Het is op deze plek (en elders) al eens vaker verzucht, maar in de onbescheiden hoop dat toch nog ergens een beginnende band er iets van opsteekt: Jethro Tull had vier albums gemaakt vóór “Thick As A Brick”, Genesis vijf voor “The Lamb Lies Down On Broadway”, Pink Floyd zeven voor “Dark Side Of The Moon” en, om ook even iets moderners te noemen, IQ vijf voor “Subterranea”. Wáárom menen tegenwoordig zoveel beginnende progbands maar meteen met een ultralange conceptplaat op de proppen te moeten komen in plaats van zichzelf eerst wat groei te gunnen?

Anders geformuleerd: er is niets mis met een plaat die uit een eenvoudige verzameling liedjes bestaat. Van die dingen van rond de drie, vier minuten en als er een keer veel te vertellen is zes of zeven. Couplet – refrein – couplet – refrein – brug – korte solo (bijvoorbeeld op de gitaar) en nog een keer refrein.

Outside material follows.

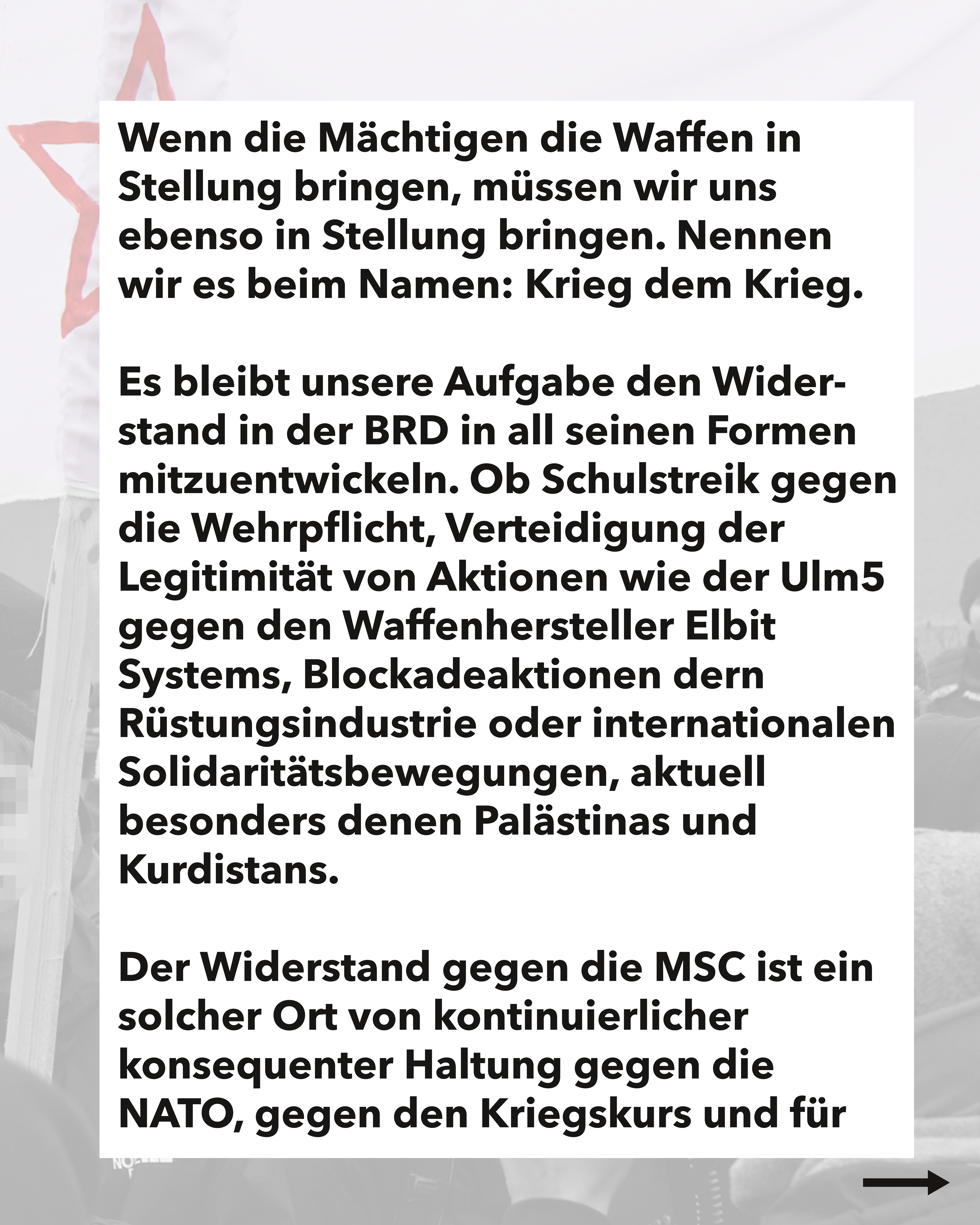 Es bleibt unsere Aufgabe den Widerstand in der BRD in all seinen Formen mitzuentwickeln und Kämpfe zusammenzuführen. Ob Schulstreik gegen die Wehrpflicht, Verteidigung der Legitimität von Aktionen wie der Ulm5 gegen den Waffenhersteller Elbit Systems, Blockadeaktionen der Rüstungsindustrie oder internationalen Solidaritätsbewegungen, aktuell besonders denen Palästinas und Kurdistans.

Als zo’n verzameling zogenaamde liedjes bij elkaar vijftig minuten duurt, laat je de geluidsman of een andere relatief externe kritische geest de drie minste schrappen en houd je een mooi puntig plaatje over.

Het potentieel is bij Kramer absoluut aanwezig, maar aan het ‘project’ “Life Cycle” hebben ze zich helaas nogal vertild.